SYDNEY - A third of palliative-care patients at Greenwich Hospital in Sydney are able to go home, said Dr Andrew Broadbent, director of palliative care there and a lecturer at the University of Sydney.
This is good as most people want to die at home rather than in hospital. These patients would have had their medical problem, like pain or nausea, controlled.
He said many patients come to the hospital taking 15-20 types of medicines a day. The palliative-care doctors and pharmacists reassess their medical conditions and cut the number of drugs to about seven, which makes them feel better, he added.
Before they go home, the palliative team sits down with family members to teach them what to do in emergencies, such as the patient getting a heart attack.
A week or two prior to discharge, the patients are given a "gate pass" that lets them go home for the day, to get them feeling comfortable away from the hospital.
About 10 per cent of patients do not want to leave because they are scared. Hence, the hospital offers a "trial discharge" where it will keep the hospital bed for them for three days.
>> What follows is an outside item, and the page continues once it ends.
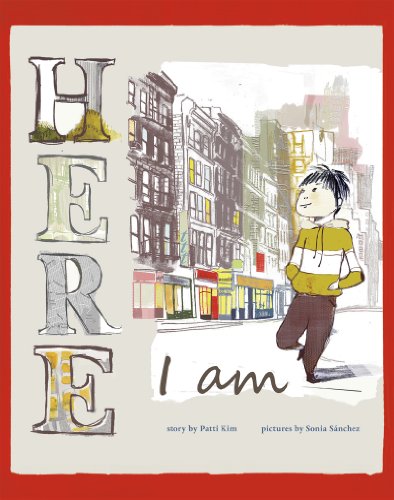 Here I Am by Patti Kim and illustrated by Sonia Sánchez is a wordless book yet it tells a complex story of one boy's immigration, and struggle to make America his home. Because it relies on the reader's imagination to supply the text, it becomes uniquely personal while remaining a universal story as well.As a wordless book, the success of the story relies on the quality of the artwork. Sánchez's complex illustrations succeed. They capture the many emotions and struggles which the boy faces. The story begins with the boy peering out an airplane window. This is not the face of an excited child thrilled to be flying the skies to an anticipated destination. Sadness paints his face.Subsequent illustrations depict signs with random letters. Their message remains gibberish to eyes unfamiliar with English. We follow the boy through his days as he confronts, confusion, loneliness, fear, sadness and isolation. Until he finds a seed which becomes a talisman for possibility, for hope and positivity.Eventually, the sed brings him friendship and a feeling of belonging. In the final illustration, the boy imagines that he sees the words "Here I am." Now he not only can recognize and read the English words, he realizes that he belongs.As part of the back matter of the book, the author includes comments that explain the back story which motivated her to write "Here I Am." With her family, she immigrated to the U.S. from Korea. with her family. This is her personal narrative but it is also more global than that. She writes, "If you are an immigrant or maybe just facing something new and different in your life, I hope my story helps you see that you're not alone.

The hospital also gets in touch with the patient's family doctor. These general practitioners need to agree to do home visits if necessary, and to sign the death certificate when the time comes.
Financially, house visits are not attractive since the fee of about A$55 (S$70) is generally double what the doctor would charge a patient in his clinic.
But Dr Broadbent said many GPs agree to take over the care of palliative patients, especially if they had been looking after the person before.
HammondCare, a Christian charity organisation which runs 10 levels of eldercare services, including Greenwich Hospital, also follows up, if necessary, with visits by its specialists, nurses, therapists or social workers.